###### Because of the memory constraint of 10 Mb and because the full dataset weight 10.3 Mb, we can't load all in pandas data frame since pandas requires 4 to 6 times amount of space in memory as the file does on disk (especially when there's many string columns). 

###### We gonna a need to load in chunks, 5000 (10 times less than the full data set which have 50000 rows):

In [1]:
import pandas as pd
import numpy as np
import sqlite3
%matplotlib inline

# Insights:
chunk_iter_3 = pd.read_csv("crunchbase-investments.csv",\
                         chunksize = 3,\
                        encoding='ISO-8859-1')
for chunk in chunk_iter_3:
    df = chunk
    break
df

Unnamed: 0,company_permalink,company_name,company_category_code,company_country_code,company_state_code,company_region,company_city,investor_permalink,investor_name,investor_category_code,investor_country_code,investor_state_code,investor_region,investor_city,funding_round_type,funded_at,funded_month,funded_quarter,funded_year,raised_amount_usd
0,/company/advercar,AdverCar,advertising,USA,CA,SF Bay,San Francisco,/company/1-800-flowers-com,1-800-FLOWERS.COM,,USA,NY,New York,New York,series-a,2012-10-30,2012-10,2012-Q4,2012,2000000
1,/company/launchgram,LaunchGram,news,USA,CA,SF Bay,Mountain View,/company/10xelerator,10Xelerator,finance,USA,OH,Columbus,Columbus,other,2012-01-23,2012-01,2012-Q1,2012,20000
2,/company/utap,uTaP,messaging,USA,,United States - Other,,/company/10xelerator,10Xelerator,finance,USA,OH,Columbus,Columbus,other,2012-01-01,2012-01,2012-Q1,2012,20000


###### Columns with redundant data: "funded month", "funded year", "funded quarter" as all the info about date foundation is in "funded_at".

In [2]:
info_cols = {}
col_types = {}

for chunk in chunk_iter_3:
    columns = chunk.columns
    for col in columns:
        if col not in info_cols:
            info_cols[col] = [0,0]
            col_types[col] = str(chunk[col].dtype)
    break

chunk_iter = pd.read_csv("crunchbase-investments.csv",\
                         chunksize = 5000,\
                        encoding='ISO-8859-1')

total_memory = 0
total_rows = 0

for chunk in chunk_iter:
    for col in columns:
        info_cols[col][0] += chunk[col].isnull().sum()
        memory = chunk[col].memory_usage(deep=True)
        info_cols[col][1] += memory
        total_memory += memory
    total_rows += chunk.shape[0]
        
print("The total rows of the data set is: ", total_rows)
print("Total memory usage for the data set: ",np.round(total_memory/(1024*1024),2)," Megabytes")

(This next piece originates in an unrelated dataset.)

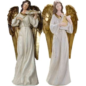 1 Estatueta Anjo Decorativo Com Harpa De 38cm;

The total rows of the data set is:  52870
Total memory usage for the data set:  57.01  Megabytes


In [3]:
info_cols
# format of the dict 'column name':[null-values,bytes]

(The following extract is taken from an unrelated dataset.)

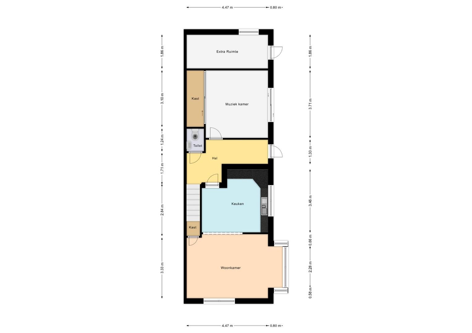 Begane grond: entree/hal, meterkast, toiletruimte (2022) voorzien van wandtoilet en fonteintje, woonkamer voorzien van erker, open keuken (2021) voorzien van keurige inbouwkeuken en apparatuur: koelkast, vaatwasser, inductiekookplaat, afzuigkap en combi oven, provisiekelder, ideaal geschikt voor opslag van boodschappen, slaapkamer of praktijkruimte voorzien van schuifpui, vaste kastenwand, opstelplaats van de CV-ketel en wasmachine aansluiting. De begane grond is netjes afgewerkt, en het geheel is in-stap-klaar te bewonen.

{'company_category_code': [643, 3422024],
 'company_city': [533, 3506846],
 'company_country_code': [1, 3173096],
 'company_name': [1, 3592246],
 'company_permalink': [1, 4058708],
 'company_region': [1, 3412505],
 'company_state_code': [492, 3106971],
 'funded_at': [3, 3543105],
 'funded_month': [3, 3384504],
 'funded_quarter': [3, 3384504],
 'funded_year': [3, 423880],
 'funding_round_type': [3, 3411627],
 'investor_category_code': [50427, 623344],
 'investor_city': [12480, 2886003],
 'investor_country_code': [12001, 2648212],
 'investor_name': [2, 3916586],
 'investor_permalink': [2, 4981468],
 'investor_region': [2, 3397201],
 'investor_state_code': [16809, 2477527],
 'raised_amount_usd': [3599, 423880]}

In [4]:
col_types
# Format of the dict 'column name':type

{'company_category_code': 'object',
 'company_city': 'object',
 'company_country_code': 'object',
 'company_name': 'object',
 'company_permalink': 'object',
 'company_region': 'object',
 'company_state_code': 'object',
 'funded_at': 'object',
 'funded_month': 'object',
 'funded_quarter': 'object',
 'funded_year': 'int64',
 'funding_round_type': 'object',
 'investor_category_code': 'object',
 'investor_city': 'object',
 'investor_country_code': 'object',
 'investor_name': 'object',
 'investor_permalink': 'object',
 'investor_region': 'object',
 'investor_state_code': 'object',
 'raised_amount_usd': 'int64'}

In [6]:
# Unique values for object columns.
obj_cols = []
unique_values_object_column = {}

chunk_iter = pd.read_csv("crunchbase-investments.csv",\
                         chunksize = 5000,\
                        encoding='ISO-8859-1')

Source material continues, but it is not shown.